▶ [ACTIVITY]: Using the material below, repeat exactly the lines from the one with "25分钟TNC强打肉山,VG" through the one with "第二个插件Oxygen AI Positron", ends included, without any images.

▶ [DATA TO PROCESS]:
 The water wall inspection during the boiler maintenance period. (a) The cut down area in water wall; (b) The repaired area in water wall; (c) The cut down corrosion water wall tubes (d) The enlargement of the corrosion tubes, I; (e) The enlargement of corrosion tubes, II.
---
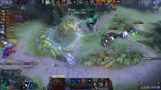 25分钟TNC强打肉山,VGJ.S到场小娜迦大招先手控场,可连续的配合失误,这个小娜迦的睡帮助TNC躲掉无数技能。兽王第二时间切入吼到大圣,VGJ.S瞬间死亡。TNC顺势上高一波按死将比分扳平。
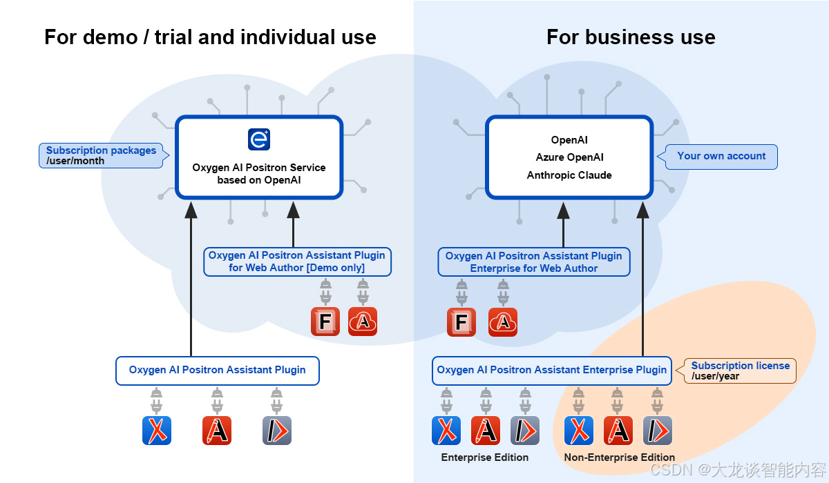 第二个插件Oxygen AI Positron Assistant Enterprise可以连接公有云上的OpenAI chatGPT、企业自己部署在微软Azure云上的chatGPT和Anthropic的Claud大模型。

▶ [ANSWER TO THIS TASK]:
 25分钟TNC强打肉山,VGJ.S到场小娜迦大招先手控场,可连续的配合失误,这个小娜迦的睡帮助TNC躲掉无数技能。兽王第二时间切入吼到大圣,VGJ.S瞬间死亡。TNC顺势上高一波按死将比分扳平。
 第二个插件Oxygen AI Positron Assistant Enterprise可以连接公有云上的OpenAI chatGPT、企业自己部署在微软Azure云上的chatGPT和Anthropic的Claud大模型。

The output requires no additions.